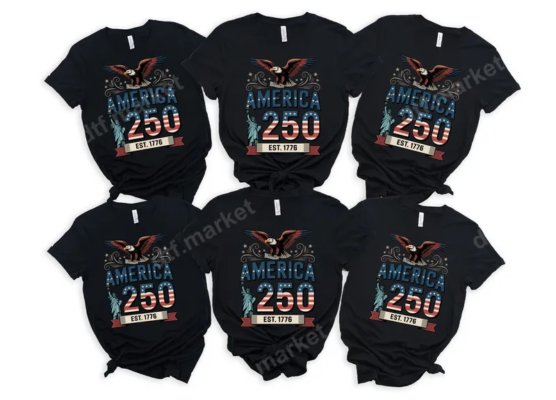 See allShow your American pride with this stunning America 250 Est 1776 DTF transfer. This patriotic design prominently features a majestic bald eagle soaring above the text "AMERICA 250," which is creatively rendered with American flag stars and stripes. To the left, the iconic Statue of Liberty stands tall, completing a powerful visual tribute to the nation's 250th anniversary. This direct to film transfer is perfect for creating unique apparel and is completely ready to press. This vibrant heat transfer is ideal for anyone celebrating American history, patriotism, or milestone anniversaries. It's a fantastic choice for Fourth of July gatherings, Memorial Day events, Veterans Day tributes, or as a thoughtful gift for history enthusiasts and proud Americans. Create custom apparel for family reunions, commemorative events, or simply to express your love for the USA with this impactful design. Applying this iron on transfer is straightforward and hassle-free, suitable for both professional heat press machines and household irons. It adheres beautifully to a wide range of fabrics, including cotton, polyester, and various blends. For best results with a heat press, apply at 300-325°F for 15 seconds with medium pressure. One of the greatest advantages is that there's no weeding required, saving you time and effort. Crafted with professional-grade DTF film, this heat press design ensures exceptional durability and a soft, smooth feel on any garment. The colors are incredibly vibrant, resistant to cracking and fading, ensuring your custom t-shirt transfer looks great wash after wash. Enjoy a high-quality finish that will make your apparel stand out.
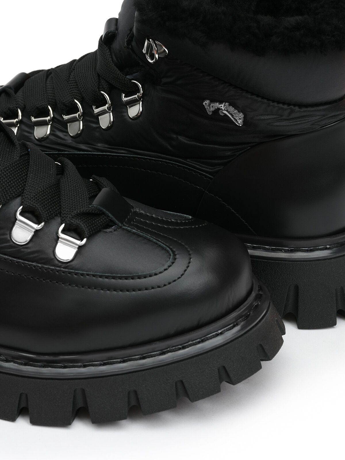 Ботинки выполнены из натуральной гладкой кожи и дополнены объемным мягким голенищем. Модель оформлена массивной рельефной подошвой из прочной резины и усилена металлическими люверсами для надежной фиксации. Внутренняя подкладка из натурального меха обеспечивает тепло и комфорт даже в холодную погоду.
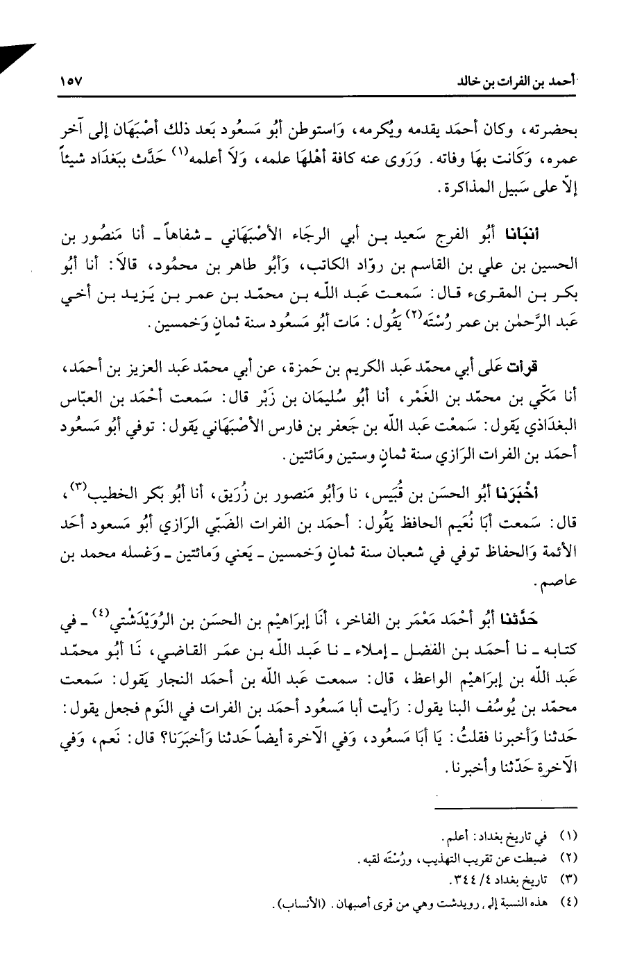 بحضرته وكان أحمد يقدمه ويكرمه واستوطن أبو مسعود بعد ذلك أصبهان إلى آخر عمره وكانت بها وفاته وروى عنه كافة أهلها علمه ولا أعلمه (1) حدث ببغداد شيئا إلا على سبيل المذاكرة أنبأنا أبو الفرج سعيد بن أبي الرجاء الأصبهاني شفاها أنا منصور بن الحسين بن علي بن القاسم بن رواد الكاتب وأبو طاهر بن محمود قالا أنا أبو بكر بن المقرئ قال سمعت عبد الله بن محمد بن عمر بن يزيد بن أخي عبد الرحمن بن عمر رسته (2) يقول مات أبو مسعود سنة ثمان وخمسين قرأت على أبي محمد عبد الكريم بن حمزة عن أبي محمد عبد العزيز بن أحمد أنا مكي بن محمد بن الغمر أنا أبو سليمان بن زبر قال سمعت أحمد بن العباس البغداذي يقول سمعت عبد الله بن جعفر بن فارس الأصبهاني يقول توفي أبو مسعود أحمد بن الفرات الرازي سنة ثمان وستين ومائتين أخبرنا أبو الحسن بن قبيس نا وأبو منصور بن زريق أنا أبو بكر الخطيب (3) قال سمعت أبا نعيم الحافظ يقول أحمد بن الفرات الضبي الرازي أبو مسعود أحد الأئمة والحفاظ توفي في شعبان سنة ثمان وخمسين يعني ومائتين وغسله محمد بن عاصم حدثنا أبو أحمد معمر بن الفاخر أنا إبراهيم بن الحسن بن الرويدشتي (4) في كتابه نا أحمد بن الفضل إملاء نا عبد الله بن عمر القاضي نا أبو محمد عبد الله بن إبراهيم الواعظ قال سمعت عبد الله بن أحمد النجار يقول سمعت محمد بن يوسف البنا يقول رأيت أبا مسعود أحمد بن الفرات في النوم فجعل يقول حدثنا وأخبرنا فقلت يا أبا مسعود وفي الآخرة أيضا حدثنا وأخبرنا قال نعم وفي الآخرة حدثنا وأخبرنا
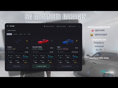 A complete modern solution for managing personal, job-based, and impounded vehicles — built with a fully standalone UI, customizable providers, intelligent image handling, and an immersive preview experience. SG Garage prioritizes reliability, polish, and server performance while giving players and staff powerful tools to manage vehicles effortlessly.
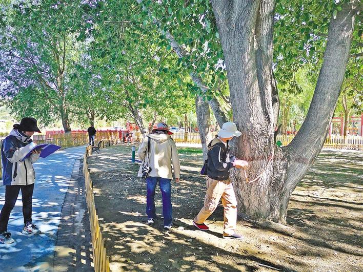 圖為西藏農(nóng)牧學院的師生在測算貢覺林卡內古樹的相關數(shù)據(jù)。記者 扎西頓珠 攝

★ ★ ★ ★

Please set down every line of the listing verbatim, excluding its pictures.

● **SOLUTION TO THIS TASK**
 See allShow your American pride with this stunning America 250 Est 1776 DTF transfer. This patriotic design prominently features a majestic bald eagle soaring above the text "AMERICA 250," which is creatively rendered with American flag stars and stripes. To the left, the iconic Statue of Liberty stands tall, completing a powerful visual tribute to the nation's 250th anniversary. This direct to film transfer is perfect for creating unique apparel and is completely ready to press. This vibrant heat transfer is ideal for anyone celebrating American history, patriotism, or milestone anniversaries. It's a fantastic choice for Fourth of July gatherings, Memorial Day events, Veterans Day tributes, or as a thoughtful gift for history enthusiasts and proud Americans. Create custom apparel for family reunions, commemorative events, or simply to express your love for the USA with this impactful design. Applying this iron on transfer is straightforward and hassle-free, suitable for both professional heat press machines and household irons. It adheres beautifully to a wide range of fabrics, including cotton, polyester, and various blends. For best results with a heat press, apply at 300-325°F for 15 seconds with medium pressure. One of the greatest advantages is that there's no weeding required, saving you time and effort. Crafted with professional-grade DTF film, this heat press design ensures exceptional durability and a soft, smooth feel on any garment. The colors are incredibly vibrant, resistant to cracking and fading, ensuring your custom t-shirt transfer looks great wash after wash. Enjoy a high-quality finish that will make your apparel stand out.
 Ботинки выполнены из натуральной гладкой кожи и дополнены объемным мягким голенищем. Модель оформлена массивной рельефной подошвой из прочной резины и усилена металлическими люверсами для надежной фиксации. Внутренняя подкладка из натурального меха обеспечивает тепло и комфорт даже в холодную погоду.
 بحضرته وكان أحمد يقدمه ويكرمه واستوطن أبو مسعود بعد ذلك أصبهان إلى آخر عمره وكانت بها وفاته وروى عنه كافة أهلها علمه ولا أعلمه (1) حدث ببغداد شيئا إلا على سبيل المذاكرة أنبأنا أبو الفرج سعيد بن أبي الرجاء الأصبهاني شفاها أنا منصور بن الحسين بن علي بن القاسم بن رواد الكاتب وأبو طاهر بن محمود قالا أنا أبو بكر بن المقرئ قال سمعت عبد الله بن محمد بن عمر بن يزيد بن أخي عبد الرحمن بن عمر رسته (2) يقول مات أبو مسعود سنة ثمان وخمسين قرأت على أبي محمد عبد الكريم بن حمزة عن أبي محمد عبد العزيز بن أحمد أنا مكي بن محمد بن الغمر أنا أبو سليمان بن زبر قال سمعت أحمد بن العباس البغداذي يقول سمعت عبد الله بن جعفر بن فارس الأصبهاني يقول توفي أبو مسعود أحمد بن الفرات الرازي سنة ثمان وستين ومائتين أخبرنا أبو الحسن بن قبيس نا وأبو منصور بن زريق أنا أبو بكر الخطيب (3) قال سمعت أبا نعيم الحافظ يقول أحمد بن الفرات الضبي الرازي أبو مسعود أحد الأئمة والحفاظ توفي في شعبان سنة ثمان وخمسين يعني ومائتين وغسله محمد بن عاصم حدثنا أبو أحمد معمر بن الفاخر أنا إبراهيم بن الحسن بن الرويدشتي (4) في كتابه نا أحمد بن الفضل إملاء نا عبد الله بن عمر القاضي نا أبو محمد عبد الله بن إبراهيم الواعظ قال سمعت عبد الله بن أحمد النجار يقول سمعت محمد بن يوسف البنا يقول رأيت أبا مسعود أحمد بن الفرات في النوم فجعل يقول حدثنا وأخبرنا فقلت يا أبا مسعود وفي الآخرة أيضا حدثنا وأخبرنا قال نعم وفي الآخرة حدثنا وأخبرنا
 A complete modern solution for managing personal, job-based, and impounded vehicles — built with a fully standalone UI, customizable providers, intelligent image handling, and an immersive preview experience. SG Garage prioritizes reliability, polish, and server performance while giving players and staff powerful tools to manage vehicles effortlessly.
 圖為西藏農(nóng)牧學院的師生在測算貢覺林卡內古樹的相關數(shù)據(jù)。記者 扎西頓珠 攝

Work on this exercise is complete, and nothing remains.